| EXERCISE REQUIREMENTS |
Please write out only the lines from the line with "Гуманитарную помощь для" to the line with "РЕЗУЛЬТАТСкриншоты окна разработки", inclusive, exactly as they stand below, without the pictures.

| THE DATA |
*****
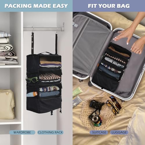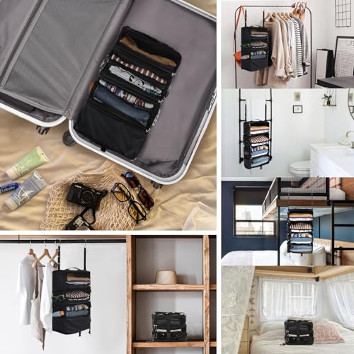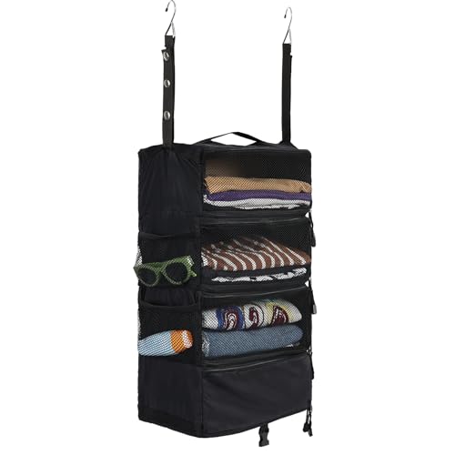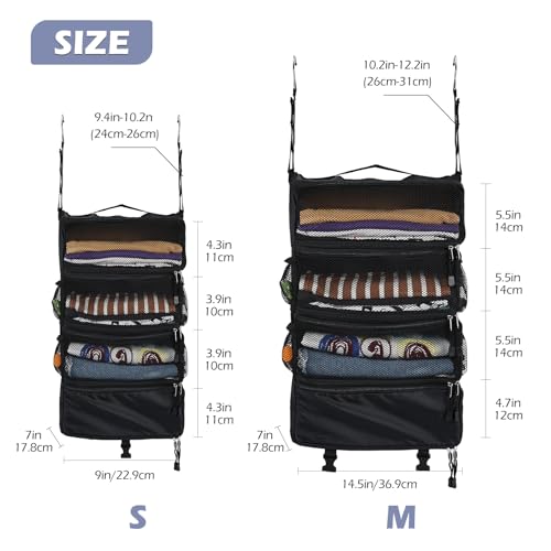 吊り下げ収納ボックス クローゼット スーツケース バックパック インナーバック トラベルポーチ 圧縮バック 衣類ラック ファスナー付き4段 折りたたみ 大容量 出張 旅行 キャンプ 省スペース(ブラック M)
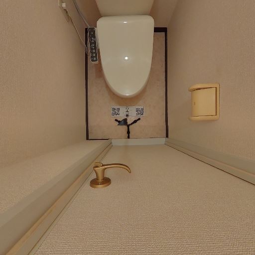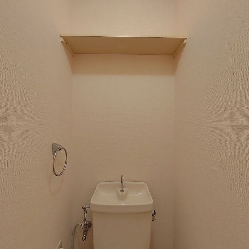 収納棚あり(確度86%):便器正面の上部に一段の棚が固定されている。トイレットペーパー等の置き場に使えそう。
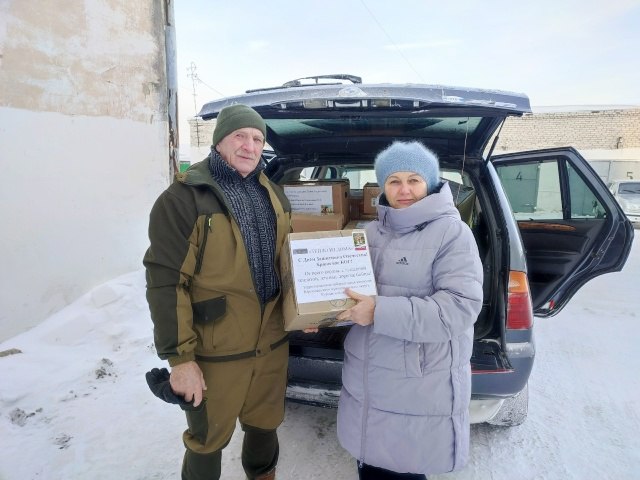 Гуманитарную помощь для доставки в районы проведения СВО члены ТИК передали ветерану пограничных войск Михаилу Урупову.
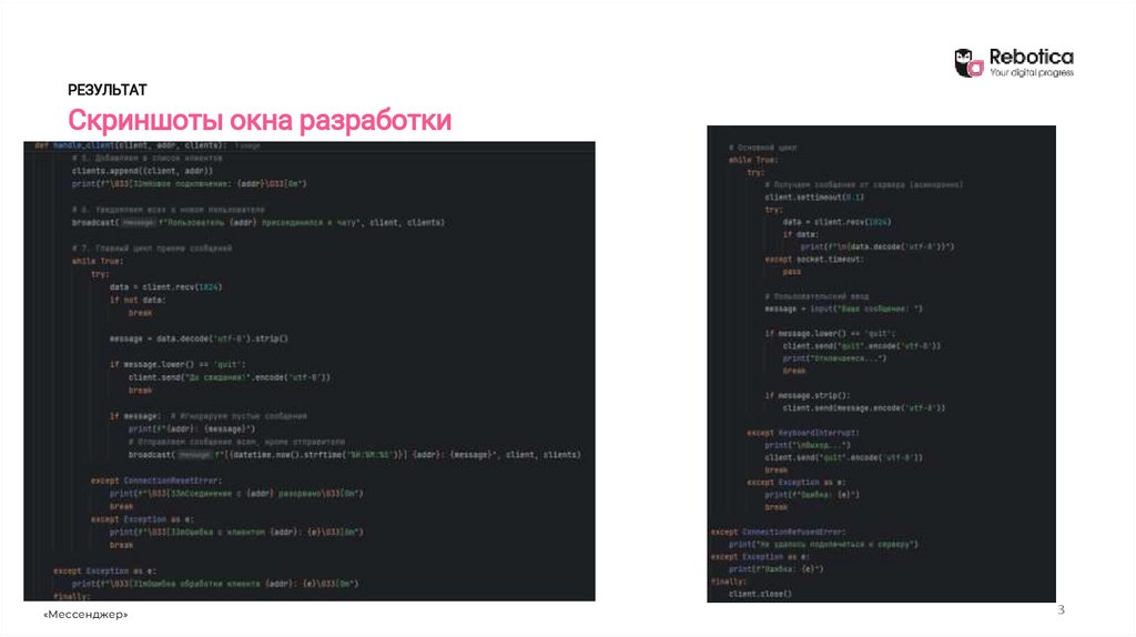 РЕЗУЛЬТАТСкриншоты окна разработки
*****
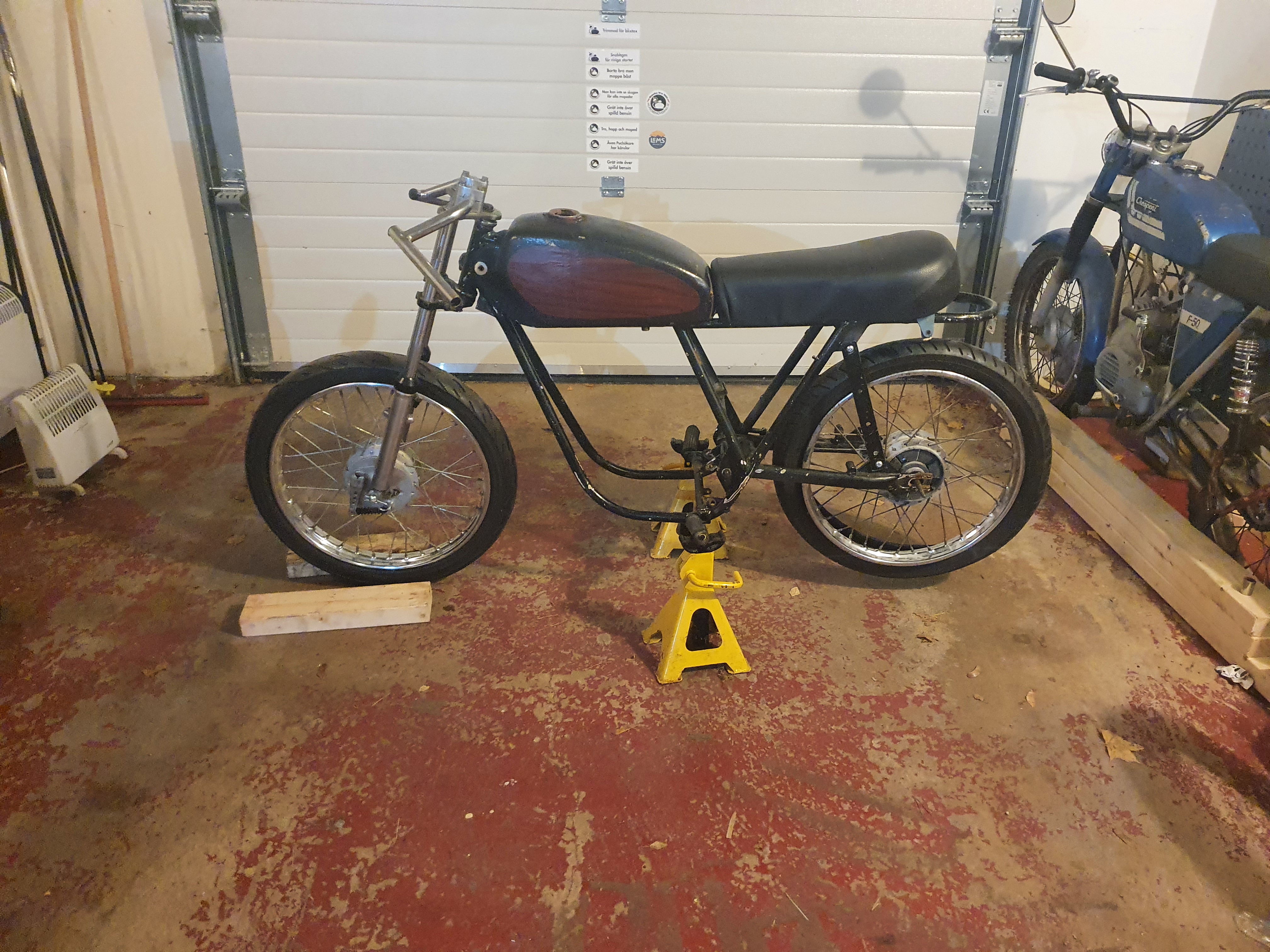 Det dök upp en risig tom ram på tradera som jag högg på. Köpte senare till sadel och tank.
*****
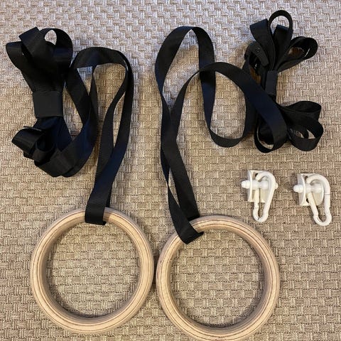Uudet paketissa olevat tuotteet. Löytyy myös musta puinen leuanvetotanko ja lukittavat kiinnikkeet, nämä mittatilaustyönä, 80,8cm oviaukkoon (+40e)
*****
| WRITTEN RESPONSE |
 Гуманитарную помощь для доставки в районы проведения СВО члены ТИК передали ветерану пограничных войск Михаилу Урупову.
 РЕЗУЛЬТАТСкриншоты окна разработки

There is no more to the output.